The Sunday Telegraph reported that Barclays Capital would reveal, in a quarterly report due out on Monday, that it expects the British economy to go into recession in 1999.

Sterling/mark was at 2.7730/40 against 2.7683/88 in late European trade on Friday, while sterling/dollar was at $1.6803/13 against
$1.6898/08.

Commnet: If Europe {Germany & Britian} are having artificialy high rates, and Japan in a confirmed recession/depression, is it not possible that capital will seek a higher growth rate at a lower inflation rate.

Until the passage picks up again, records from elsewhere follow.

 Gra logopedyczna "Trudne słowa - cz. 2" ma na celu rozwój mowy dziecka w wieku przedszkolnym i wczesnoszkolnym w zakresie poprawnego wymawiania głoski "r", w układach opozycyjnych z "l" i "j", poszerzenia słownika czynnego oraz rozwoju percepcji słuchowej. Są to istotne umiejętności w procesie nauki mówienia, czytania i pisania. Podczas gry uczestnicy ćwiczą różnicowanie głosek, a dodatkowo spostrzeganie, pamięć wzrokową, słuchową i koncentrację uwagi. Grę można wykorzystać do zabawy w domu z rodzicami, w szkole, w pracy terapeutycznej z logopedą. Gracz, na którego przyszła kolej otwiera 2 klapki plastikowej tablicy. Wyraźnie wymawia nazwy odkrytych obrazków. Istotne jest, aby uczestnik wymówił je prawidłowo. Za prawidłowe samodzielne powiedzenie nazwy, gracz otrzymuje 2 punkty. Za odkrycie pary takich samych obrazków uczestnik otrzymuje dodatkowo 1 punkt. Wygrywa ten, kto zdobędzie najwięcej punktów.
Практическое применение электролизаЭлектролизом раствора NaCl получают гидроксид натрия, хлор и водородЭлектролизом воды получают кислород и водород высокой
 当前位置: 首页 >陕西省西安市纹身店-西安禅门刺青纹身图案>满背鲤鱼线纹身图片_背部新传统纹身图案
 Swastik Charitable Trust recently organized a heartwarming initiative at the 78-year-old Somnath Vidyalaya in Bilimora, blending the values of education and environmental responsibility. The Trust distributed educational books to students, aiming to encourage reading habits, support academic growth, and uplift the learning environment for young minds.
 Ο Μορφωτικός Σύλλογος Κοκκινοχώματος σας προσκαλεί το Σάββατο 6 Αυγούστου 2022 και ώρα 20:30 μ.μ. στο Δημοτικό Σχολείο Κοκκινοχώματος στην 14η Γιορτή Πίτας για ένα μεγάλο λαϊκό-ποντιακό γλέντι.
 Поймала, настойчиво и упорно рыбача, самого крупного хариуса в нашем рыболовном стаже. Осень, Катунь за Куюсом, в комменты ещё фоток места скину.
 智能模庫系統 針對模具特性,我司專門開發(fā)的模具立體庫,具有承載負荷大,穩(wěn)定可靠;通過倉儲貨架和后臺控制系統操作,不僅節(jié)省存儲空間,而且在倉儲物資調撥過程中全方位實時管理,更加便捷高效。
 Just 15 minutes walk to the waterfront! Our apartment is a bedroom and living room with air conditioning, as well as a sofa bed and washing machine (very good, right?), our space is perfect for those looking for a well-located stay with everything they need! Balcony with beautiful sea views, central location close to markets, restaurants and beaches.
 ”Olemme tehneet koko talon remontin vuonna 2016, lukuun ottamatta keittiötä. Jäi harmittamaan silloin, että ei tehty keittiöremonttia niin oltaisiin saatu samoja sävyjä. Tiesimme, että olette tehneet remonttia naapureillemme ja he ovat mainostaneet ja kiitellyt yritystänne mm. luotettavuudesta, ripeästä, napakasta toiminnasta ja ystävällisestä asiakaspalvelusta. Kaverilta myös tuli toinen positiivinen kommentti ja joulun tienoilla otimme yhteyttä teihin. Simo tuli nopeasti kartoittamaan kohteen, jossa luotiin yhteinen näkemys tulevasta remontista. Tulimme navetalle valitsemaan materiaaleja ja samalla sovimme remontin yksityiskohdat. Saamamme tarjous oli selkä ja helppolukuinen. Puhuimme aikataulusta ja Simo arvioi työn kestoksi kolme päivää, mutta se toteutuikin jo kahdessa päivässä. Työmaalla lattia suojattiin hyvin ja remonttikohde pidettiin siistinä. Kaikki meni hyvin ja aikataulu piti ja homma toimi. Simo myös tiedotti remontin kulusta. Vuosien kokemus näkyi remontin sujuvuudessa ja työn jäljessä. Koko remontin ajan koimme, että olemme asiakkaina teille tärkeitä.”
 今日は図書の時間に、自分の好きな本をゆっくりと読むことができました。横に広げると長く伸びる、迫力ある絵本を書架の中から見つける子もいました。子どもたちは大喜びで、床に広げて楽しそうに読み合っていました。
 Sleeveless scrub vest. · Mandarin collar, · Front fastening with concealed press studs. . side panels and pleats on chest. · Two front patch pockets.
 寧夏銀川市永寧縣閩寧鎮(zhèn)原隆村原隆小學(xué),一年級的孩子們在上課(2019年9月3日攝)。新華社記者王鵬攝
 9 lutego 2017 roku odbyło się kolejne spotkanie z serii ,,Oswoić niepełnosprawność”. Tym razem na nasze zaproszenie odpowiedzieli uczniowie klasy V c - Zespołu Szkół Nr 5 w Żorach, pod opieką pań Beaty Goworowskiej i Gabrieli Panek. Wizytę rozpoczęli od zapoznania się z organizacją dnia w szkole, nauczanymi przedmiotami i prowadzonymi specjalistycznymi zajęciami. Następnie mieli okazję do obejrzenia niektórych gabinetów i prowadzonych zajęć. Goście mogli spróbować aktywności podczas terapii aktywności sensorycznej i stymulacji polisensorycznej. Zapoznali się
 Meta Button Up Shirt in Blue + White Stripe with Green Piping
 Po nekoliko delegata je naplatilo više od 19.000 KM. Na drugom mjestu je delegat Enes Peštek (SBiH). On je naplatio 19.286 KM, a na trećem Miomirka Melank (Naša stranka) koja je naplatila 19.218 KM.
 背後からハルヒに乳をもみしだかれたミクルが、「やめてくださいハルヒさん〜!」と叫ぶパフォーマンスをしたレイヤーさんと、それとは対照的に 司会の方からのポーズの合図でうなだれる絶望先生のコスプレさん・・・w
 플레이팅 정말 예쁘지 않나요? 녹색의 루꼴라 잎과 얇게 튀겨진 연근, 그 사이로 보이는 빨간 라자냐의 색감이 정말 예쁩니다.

And thus migrate to USA/CDN and will thus raise the USD relative to other currencies. And thus gold will get pushed downwards? Was the most recent actions of the US FED rate lowering done deliberately to break the Japan carry rate, and set up a isolated system of protectionism of the US financials?

Buffets' buying LTCM? Whatch liquidity this week. It isn't going to increase. So the price of gold will fall further.